Work task >>
Set down all of the data that follows word for word, without the images.

Information shown >>
------------------------------------------------

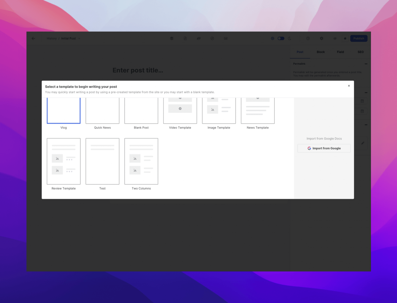 We have also added the ability to import your documents from Google Drive too! This allows you to compose your posts on Google Drive using Google Docs and import them easily when you are ready.
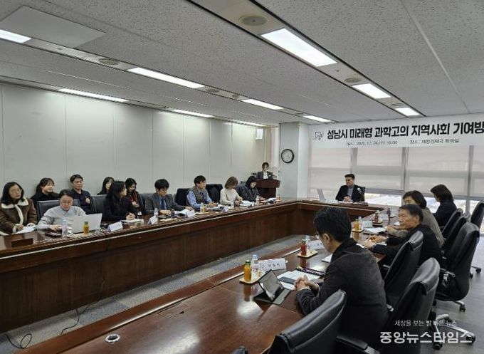 (중앙뉴스타임스 = 방재영 기자) 성남시는 지난 24일 ‘미래형 과학고’ 설립에 따른 지역사회 기여방안 마련을 위한 연구 용역 최종보고회를 개최했다.
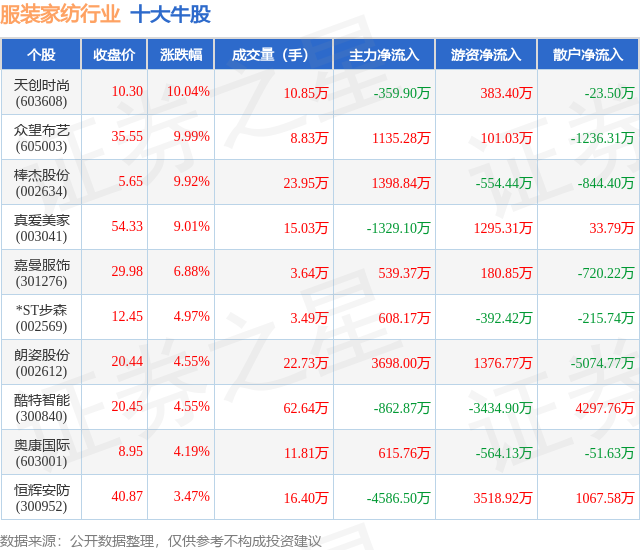 个股表现方面,服装家纺行业当日领涨股为天创时尚(603608),该股当日报收10.3,上涨10.04%,成交量10.85万,主力资金净流出359.9万元。众望布艺(605003)以上涨9.99%紧随其后,该股当日成交量8.83万,主力资金净流入1135.28万元。除此之外,棒杰股份(002634)、真爱美家(003041)、嘉曼服饰(301276)均进入当日牛股之列。具体个股列表见下表:
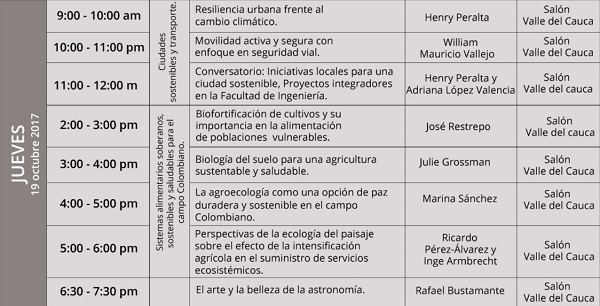 En el desarrollo de los temas participa Carlos Costa Posada, ex ministro de ambiente; Julie Grossman posdoctorada en Biología del Suelo de la Universidad de Minnesota; Juergen Louger vicepresidente de ingeniería y proyectos de Ecopetrol; Dana Rocío Ávila Lozano Doctora (Ph.D) en ingeniera agrónoma de la U.N; Marina Sánchez de Prager Doctora (Ph.D.) en ingeniera agrónoma de la Universidad Politécnica Madrid; Henry Peralta, especialista en reducción de riesgo y desarrollo local sostenible, OIT/ONU y Adriana Patricia López Valencia Doctora Ciencias Ambientales.

------------------------------------------------

Response to the task >>
 We have also added the ability to import your documents from Google Drive too! This allows you to compose your posts on Google Drive using Google Docs and import them easily when you are ready.
 (중앙뉴스타임스 = 방재영 기자) 성남시는 지난 24일 ‘미래형 과학고’ 설립에 따른 지역사회 기여방안 마련을 위한 연구 용역 최종보고회를 개최했다.
 个股表现方面,服装家纺行业当日领涨股为天创时尚(603608),该股当日报收10.3,上涨10.04%,成交量10.85万,主力资金净流出359.9万元。众望布艺(605003)以上涨9.99%紧随其后,该股当日成交量8.83万,主力资金净流入1135.28万元。除此之外,棒杰股份(002634)、真爱美家(003041)、嘉曼服饰(301276)均进入当日牛股之列。具体个股列表见下表:
 En el desarrollo de los temas participa Carlos Costa Posada, ex ministro de ambiente; Julie Grossman posdoctorada en Biología del Suelo de la Universidad de Minnesota; Juergen Louger vicepresidente de ingeniería y proyectos de Ecopetrol; Dana Rocío Ávila Lozano Doctora (Ph.D) en ingeniera agrónoma de la U.N; Marina Sánchez de Prager Doctora (Ph.D.) en ingeniera agrónoma de la Universidad Politécnica Madrid; Henry Peralta, especialista en reducción de riesgo y desarrollo local sostenible, OIT/ONU y Adriana Patricia López Valencia Doctora Ciencias Ambientales.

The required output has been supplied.